Letztlich ist bei genauerer Betrachtung das Experiment schlicht auch am Geld gescheitert – was die WOZ hätte aufwerfen können, hätte niemals gereicht, um einen respektablen Fussballclub unter den formulierten Vorzeichen zu führen, selbst in der 1. Liga. Das ist desillusionierend.

Absolut. Es geht dermassen ums Geld – schon in der 1. Liga steht man letztlich in Konkurrenz zu den Champions-League-Millionen. Ich glaube aber trotzdem, dass unser Modell funktioniert hätte. Es zielt ja darauf ab, dass ein Verein für einen Fussballer nicht einfach ein Arbeitgeber ist, sondern dass er sich als Teil des Vereins sieht und bereit ist, einen Lohn zu beziehen, der den Möglichkeiten des Clubs entspricht.

Der FC Biel hat schliesslich abgesagt. Nicht unerwartet, oder?

Dietmar Faes hat unser Angebot zumindest sehr genau und gewissenhaft geprüft. Er war bereit, inhaltlich über Möglichkeiten und Grenzen eines solchen Modells zu reden, obwohl es gerade seine Funktion als Präsident stark verändert hätte. Unser Ziel war, zunächst mal zu prüfen, wie weit wir kommen. Hätte der FC Biel tatsächlich zugesagt, wäre ja noch die Zustimmung seitens des WOZ-Kollektivs nötig gewesen.

Die Wahrscheinlichkeit wäre also erheblich gewesen, dass die Pläne an der WOZ selber scheitern?

Das glaube ich nicht.
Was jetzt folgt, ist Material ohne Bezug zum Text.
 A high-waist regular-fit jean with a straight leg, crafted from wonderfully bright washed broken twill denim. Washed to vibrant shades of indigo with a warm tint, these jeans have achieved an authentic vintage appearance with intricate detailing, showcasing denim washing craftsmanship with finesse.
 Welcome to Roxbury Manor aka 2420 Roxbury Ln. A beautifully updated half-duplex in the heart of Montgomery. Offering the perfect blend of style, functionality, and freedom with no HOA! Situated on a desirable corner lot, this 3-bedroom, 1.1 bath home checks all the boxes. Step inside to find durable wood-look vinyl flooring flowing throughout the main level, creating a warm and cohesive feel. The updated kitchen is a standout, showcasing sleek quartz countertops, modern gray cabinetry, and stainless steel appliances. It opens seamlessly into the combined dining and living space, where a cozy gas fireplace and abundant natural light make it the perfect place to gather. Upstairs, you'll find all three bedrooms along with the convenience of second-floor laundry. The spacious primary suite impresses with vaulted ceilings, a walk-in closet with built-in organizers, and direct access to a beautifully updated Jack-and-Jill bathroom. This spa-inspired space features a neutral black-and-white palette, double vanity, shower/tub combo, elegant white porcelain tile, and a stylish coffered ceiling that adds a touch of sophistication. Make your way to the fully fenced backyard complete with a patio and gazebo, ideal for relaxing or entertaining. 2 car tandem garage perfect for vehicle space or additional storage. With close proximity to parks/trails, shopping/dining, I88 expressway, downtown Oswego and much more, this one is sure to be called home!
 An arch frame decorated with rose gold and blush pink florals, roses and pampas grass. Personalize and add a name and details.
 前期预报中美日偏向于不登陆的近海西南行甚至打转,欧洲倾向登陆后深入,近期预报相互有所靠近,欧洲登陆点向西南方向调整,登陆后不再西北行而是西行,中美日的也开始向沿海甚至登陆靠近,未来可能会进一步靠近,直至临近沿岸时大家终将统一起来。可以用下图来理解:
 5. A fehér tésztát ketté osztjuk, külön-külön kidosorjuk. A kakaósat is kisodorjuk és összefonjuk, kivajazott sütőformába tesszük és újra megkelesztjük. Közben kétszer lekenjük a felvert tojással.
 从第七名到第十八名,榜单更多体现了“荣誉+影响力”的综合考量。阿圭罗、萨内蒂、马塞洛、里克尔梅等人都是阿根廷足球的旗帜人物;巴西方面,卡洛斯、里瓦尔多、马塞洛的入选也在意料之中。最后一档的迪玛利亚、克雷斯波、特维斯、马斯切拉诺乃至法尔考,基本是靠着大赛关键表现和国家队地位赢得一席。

Erstens gibt es bei uns viele Fussballfans, und die anderen verstehen, dass es nicht darum gegangen wäre, Geld ins Fussballbusiness zu investieren, sondern einen generellen Kontrapunkt in einem wichtigen Lebensinhalt vieler zu setzen.
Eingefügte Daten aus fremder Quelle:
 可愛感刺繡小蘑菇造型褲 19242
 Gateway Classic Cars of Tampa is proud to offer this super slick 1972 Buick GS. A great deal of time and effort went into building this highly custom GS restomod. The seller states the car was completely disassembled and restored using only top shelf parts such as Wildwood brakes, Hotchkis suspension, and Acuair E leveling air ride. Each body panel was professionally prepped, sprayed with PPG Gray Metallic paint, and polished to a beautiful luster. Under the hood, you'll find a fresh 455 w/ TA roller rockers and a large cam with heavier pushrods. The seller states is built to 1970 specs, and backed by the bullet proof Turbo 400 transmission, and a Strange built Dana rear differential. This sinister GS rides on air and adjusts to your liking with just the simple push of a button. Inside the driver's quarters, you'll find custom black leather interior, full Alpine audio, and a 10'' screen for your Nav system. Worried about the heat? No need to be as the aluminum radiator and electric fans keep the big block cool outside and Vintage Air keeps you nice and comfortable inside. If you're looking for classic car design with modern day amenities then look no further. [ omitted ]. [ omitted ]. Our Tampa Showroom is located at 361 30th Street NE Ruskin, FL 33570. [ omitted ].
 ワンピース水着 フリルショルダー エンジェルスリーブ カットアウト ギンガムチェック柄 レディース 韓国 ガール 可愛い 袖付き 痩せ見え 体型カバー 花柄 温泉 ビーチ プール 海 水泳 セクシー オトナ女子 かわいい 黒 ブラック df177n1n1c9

Es war also mehr als ein blosses Gedankenexperiment?

Sicher! Wobei wir uns durchaus bewusst waren, dass die Pläne eher unrealistisch sein dürften – denn jene Leute, die über ihre Realisierung entscheiden können, haben kaum ein Interesse daran. Aber das ist ja kein Grund, es nicht zu versuchen.

Was bleibt nun von dem Ganzen?

Viel Erkenntnisgewinn, viele interessante Gespräche – es sind beispielsweise auch viele Fans an uns herangetreten mit wichtigen Inputs. Unser Konzept ist so ausgelegt, dass sich auch einzelne Teile davon realisieren lassen. Ich hoffe natürlich, dass dies da und dort erfolgt.

Es sollen auch andere Clubs angeklopft haben.

Dazu ist zu sagen: Biel wäre für uns eine einmalige Chance gewesen, um unseren Ansatz interventionistisch zu verfolgen und herauszufinden: Was lässt sich im Schweizer Halbprofi-Fussball wirklich verändern?

Welcher Club bleibt einem denn als Fan, wenn man solche Ideen unterstützt? United of Manchester, Austria Salzburg, St. Pauli?

In der Schweiz macht der FC Winterthur gemessen an unseren Idealen vieles besser als andere Clubs. Im Ausland gibt es vereinzelte Paradiesvogel-Vereine wie St. Pauli und wenige mitgliedergeführte Vereine. Aber das ist es ja gerade: Man kann sich seinen Verein nicht aussuchen. Man wird irgendwann als Kind Fussballfan, und seinen Club kann man später nicht einfach wechseln wie ein Stück Unterwäsche. Das war mein persönlicher Antrieb für dieses Experiment: Dass ich in meinem Verein viele gute, kreative Leute in der Kurve sehe, die zum blossen Zuschauen verdammt sind, weil sie kein Geld zum Investieren und darum keine Mitsprache haben.